Accessibility in Ontarios Postsecondary Education System An Interprovincial Comparative Analysis

Accessibility in Ontario’s Postsecondary Education System: An Interprovincial Comparative Analysis seeks to review the performance of Ontario’s postsecondary system in terms of accessibility and participation through an analysis of various statistical measures of access by socioeconomic status. The research is based around various dimensions of accessibility, including financial barriers, capacity within the system, academic preparedness, and social circumstances that influence participation in higher education.

Data from Statistics Canada’s 2002 Postsecondary Education Participation Survey (PEPS) are used. This is the most recent national data source available capable of providing sample sizes that allow for detailed analysis and comparison of accessibility at the provincial level.

The paper suggests Ontario is performing well in terms of participation in postsecondary education when compared to other provinces. Ontario also has one of the highest rates of student retention in Canada, and also provides the highest amount of both repayable (loans) and non-repayable (grants) financial assistance among provinces.

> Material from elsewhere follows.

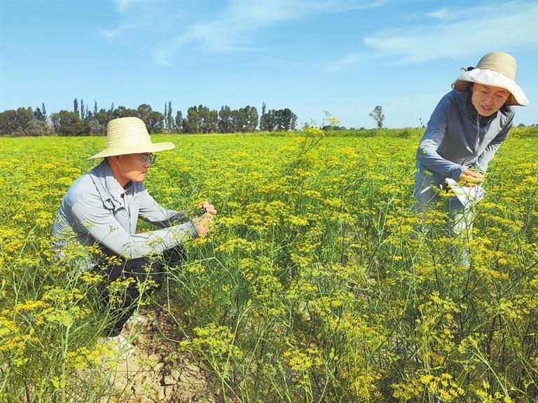 黃花農(nóng)場(chǎng)獨(dú)特的地理位置和干旱氣候,豐富的光熱資源,土壤堿性大、水質(zhì)礦化度高、干旱少雨,造就了種植優(yōu)質(zhì)茴香的天然優(yōu)勢(shì)。這里生產(chǎn)的茴香色澤鮮亮、籽粒飽滿、芳香濃郁、茴香酮、茴香腦含量高,深受?chē)?guó)內(nèi)外各大藥廠和調(diào)味品生產(chǎn)企業(yè)青睞。

The paper also finds a strong correlation between family income and postsecondary participation, although this relationship is no more acute in Ontario than in other provinces. Dr. Drewes’ work also suggests that recent Ontario high school graduates participate in postsecondary education less than their peers in other provinces. He indicates further research is required to determine the cause of this phenomenon.

Torben Drewes is Chair of the Department of Economics at Trent University, where he has served as a professor since 1980. His principal research interests are labour economics and the economics of education, upon which he has authored and co-authored numerous reports and scholarly articles. Dr. Drewes completed his undergraduate studies at Lakehead University and holds a Ph.D. (economics) from Queen’s University.